Exercise directions. An exact copy of the lines of the listing below between the "恒松酒造本店の王道楽土シリー" line and the "ลักษณะดอกและช่" line, both included, is the whole answer; please omit the pictures.

Provided entries.
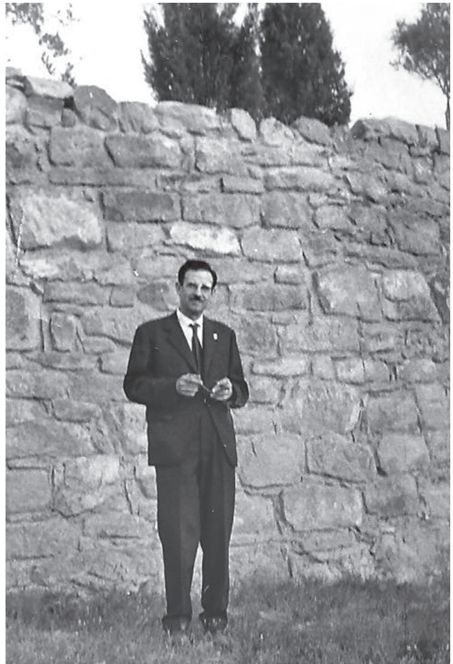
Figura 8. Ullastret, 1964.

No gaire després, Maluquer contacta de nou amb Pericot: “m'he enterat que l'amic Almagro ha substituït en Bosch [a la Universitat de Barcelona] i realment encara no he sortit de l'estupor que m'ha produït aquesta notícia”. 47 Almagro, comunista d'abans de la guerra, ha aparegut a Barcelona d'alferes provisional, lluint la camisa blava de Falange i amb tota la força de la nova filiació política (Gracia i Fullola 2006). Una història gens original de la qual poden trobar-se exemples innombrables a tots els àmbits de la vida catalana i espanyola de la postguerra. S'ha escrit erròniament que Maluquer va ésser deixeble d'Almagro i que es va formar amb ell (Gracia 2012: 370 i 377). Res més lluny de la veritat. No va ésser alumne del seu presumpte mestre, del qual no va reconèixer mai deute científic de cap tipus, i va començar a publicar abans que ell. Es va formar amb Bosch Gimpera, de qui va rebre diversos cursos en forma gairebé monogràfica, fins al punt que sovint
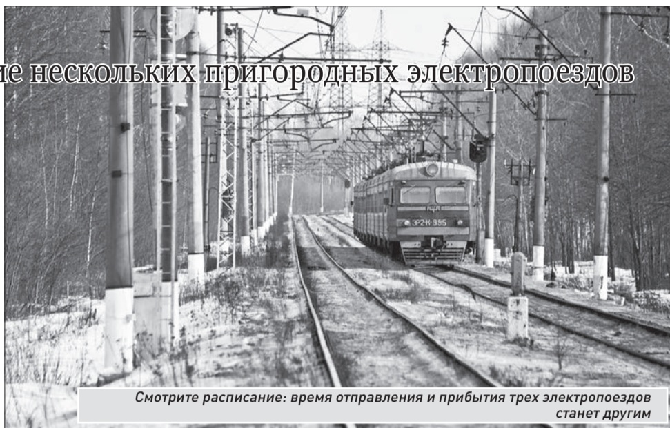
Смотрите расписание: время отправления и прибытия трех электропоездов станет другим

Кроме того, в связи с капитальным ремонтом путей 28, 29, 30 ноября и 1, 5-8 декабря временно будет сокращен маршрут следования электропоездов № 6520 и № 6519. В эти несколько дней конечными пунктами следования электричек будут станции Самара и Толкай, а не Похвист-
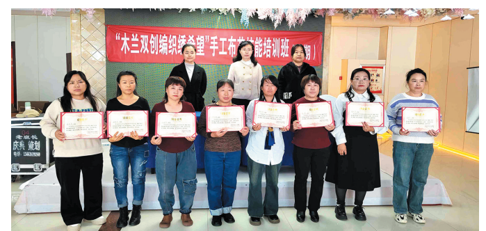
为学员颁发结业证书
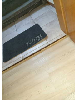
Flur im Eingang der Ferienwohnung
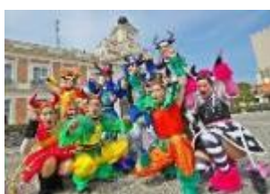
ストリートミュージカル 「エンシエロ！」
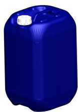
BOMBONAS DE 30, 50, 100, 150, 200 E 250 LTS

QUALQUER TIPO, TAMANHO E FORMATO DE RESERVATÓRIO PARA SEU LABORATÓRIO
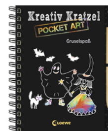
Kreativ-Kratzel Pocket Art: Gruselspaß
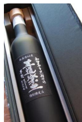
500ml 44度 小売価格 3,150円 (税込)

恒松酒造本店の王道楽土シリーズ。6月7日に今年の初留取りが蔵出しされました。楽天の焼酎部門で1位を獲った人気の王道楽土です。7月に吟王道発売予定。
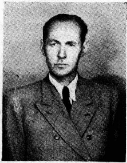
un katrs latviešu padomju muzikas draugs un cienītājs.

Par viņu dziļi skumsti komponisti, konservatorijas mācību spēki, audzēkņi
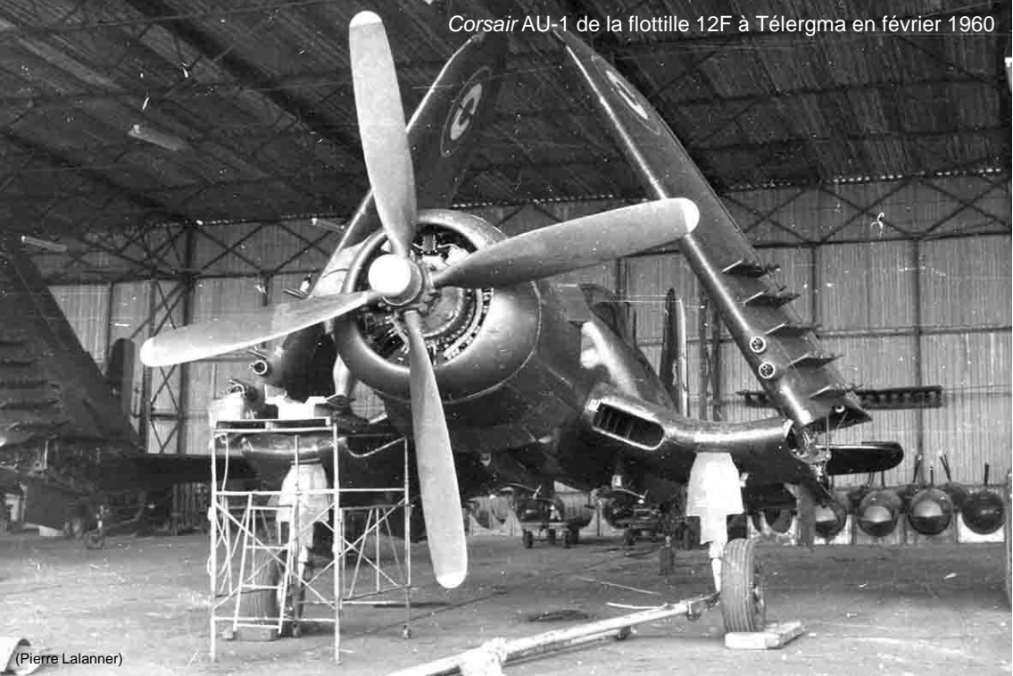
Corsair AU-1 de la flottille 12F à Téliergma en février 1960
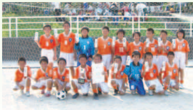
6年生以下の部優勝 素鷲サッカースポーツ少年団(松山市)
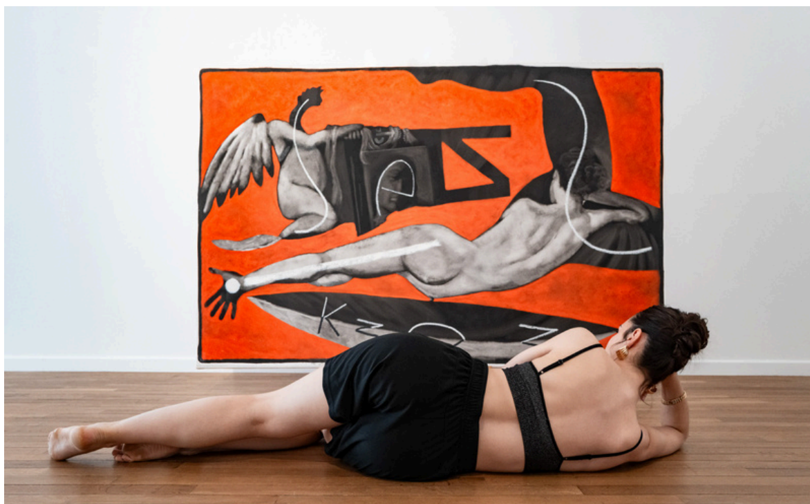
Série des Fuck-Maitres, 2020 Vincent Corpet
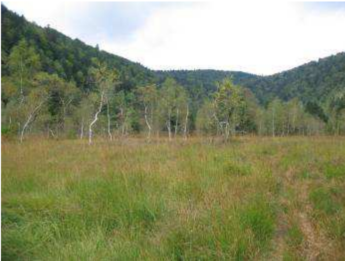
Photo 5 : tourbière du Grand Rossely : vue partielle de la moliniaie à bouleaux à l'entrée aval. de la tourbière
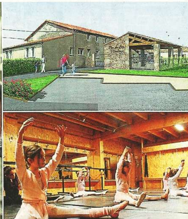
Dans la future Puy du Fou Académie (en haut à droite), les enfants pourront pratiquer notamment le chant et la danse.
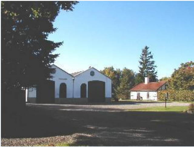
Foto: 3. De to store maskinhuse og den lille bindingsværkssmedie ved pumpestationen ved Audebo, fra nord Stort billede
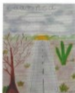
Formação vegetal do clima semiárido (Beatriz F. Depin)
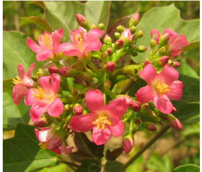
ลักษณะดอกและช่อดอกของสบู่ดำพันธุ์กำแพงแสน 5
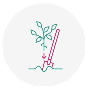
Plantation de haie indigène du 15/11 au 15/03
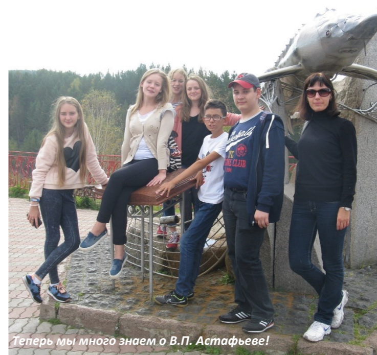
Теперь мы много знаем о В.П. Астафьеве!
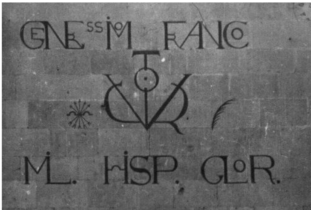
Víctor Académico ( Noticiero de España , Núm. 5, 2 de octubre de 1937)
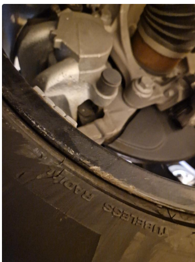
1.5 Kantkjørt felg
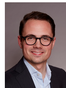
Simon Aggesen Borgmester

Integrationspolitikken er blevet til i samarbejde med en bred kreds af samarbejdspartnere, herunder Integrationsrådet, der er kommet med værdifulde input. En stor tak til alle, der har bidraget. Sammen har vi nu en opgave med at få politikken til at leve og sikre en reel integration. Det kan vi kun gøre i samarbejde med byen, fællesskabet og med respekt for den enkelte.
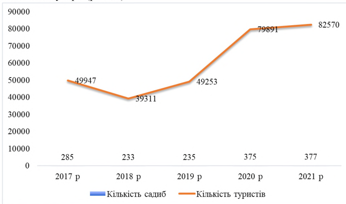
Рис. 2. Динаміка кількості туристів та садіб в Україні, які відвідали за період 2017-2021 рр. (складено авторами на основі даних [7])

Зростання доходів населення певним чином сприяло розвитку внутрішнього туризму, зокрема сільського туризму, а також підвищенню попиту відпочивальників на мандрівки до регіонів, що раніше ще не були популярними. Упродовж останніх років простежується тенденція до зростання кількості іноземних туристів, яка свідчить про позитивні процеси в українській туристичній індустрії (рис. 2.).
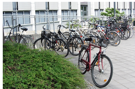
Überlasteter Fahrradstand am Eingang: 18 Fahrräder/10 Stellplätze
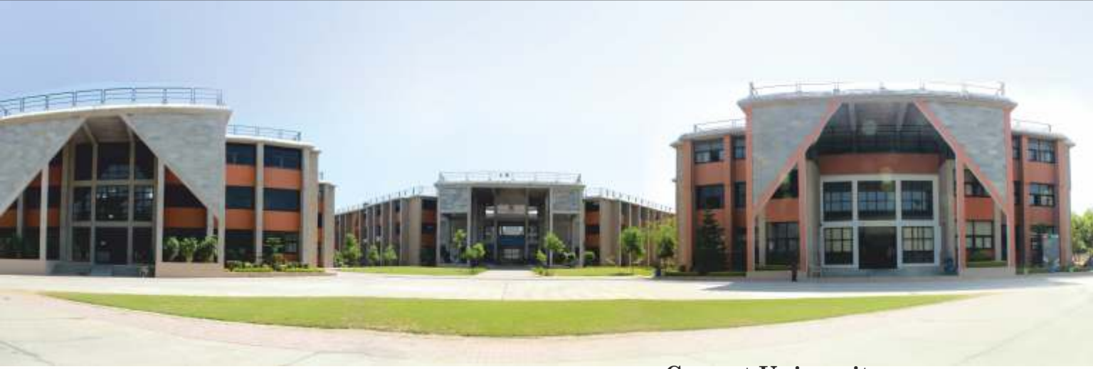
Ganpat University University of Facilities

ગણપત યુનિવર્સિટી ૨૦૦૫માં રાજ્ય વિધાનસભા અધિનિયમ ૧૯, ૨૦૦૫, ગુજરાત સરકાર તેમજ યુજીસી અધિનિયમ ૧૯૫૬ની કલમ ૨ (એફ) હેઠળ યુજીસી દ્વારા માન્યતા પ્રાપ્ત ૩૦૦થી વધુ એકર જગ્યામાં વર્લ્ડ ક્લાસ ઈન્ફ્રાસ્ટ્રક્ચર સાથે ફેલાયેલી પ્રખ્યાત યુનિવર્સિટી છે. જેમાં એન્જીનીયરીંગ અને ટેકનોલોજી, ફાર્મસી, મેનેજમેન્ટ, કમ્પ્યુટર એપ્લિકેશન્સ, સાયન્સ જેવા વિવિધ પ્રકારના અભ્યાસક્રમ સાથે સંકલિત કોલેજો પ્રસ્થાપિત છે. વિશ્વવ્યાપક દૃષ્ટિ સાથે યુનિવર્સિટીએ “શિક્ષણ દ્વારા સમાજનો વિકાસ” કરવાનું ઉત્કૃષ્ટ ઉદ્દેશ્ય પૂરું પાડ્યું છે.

Response to this exercise.
恒松酒造本店の王道楽土シリーズ。6月7日に今年の初留取りが蔵出しされました。楽天の焼酎部門で1位を獲った人気の王道楽土です。7月に吟王道発売予定。
un katrs latviešu padomju muzikas draugs un cienītājs.

Par viņu dziļi skumsti komponisti, konservatorijas mācību spēki, audzēkņi
Corsair AU-1 de la flottille 12F à Téliergma en février 1960
6年生以下の部優勝 素鷲サッカースポーツ少年団(松山市)
Série des Fuck-Maitres, 2020 Vincent Corpet
Photo 5 : tourbière du Grand Rossely : vue partielle de la moliniaie à bouleaux à l'entrée aval. de la tourbière
Dans la future Puy du Fou Académie (en haut à droite), les enfants pourront pratiquer notamment le chant et la danse.
Foto: 3. De to store maskinhuse og den lille bindingsværkssmedie ved pumpestationen ved Audebo, fra nord Stort billede
Formação vegetal do clima semiárido (Beatriz F. Depin)
ลักษณะดอกและช่อดอกของสบู่ดำพันธุ์กำแพงแสน 5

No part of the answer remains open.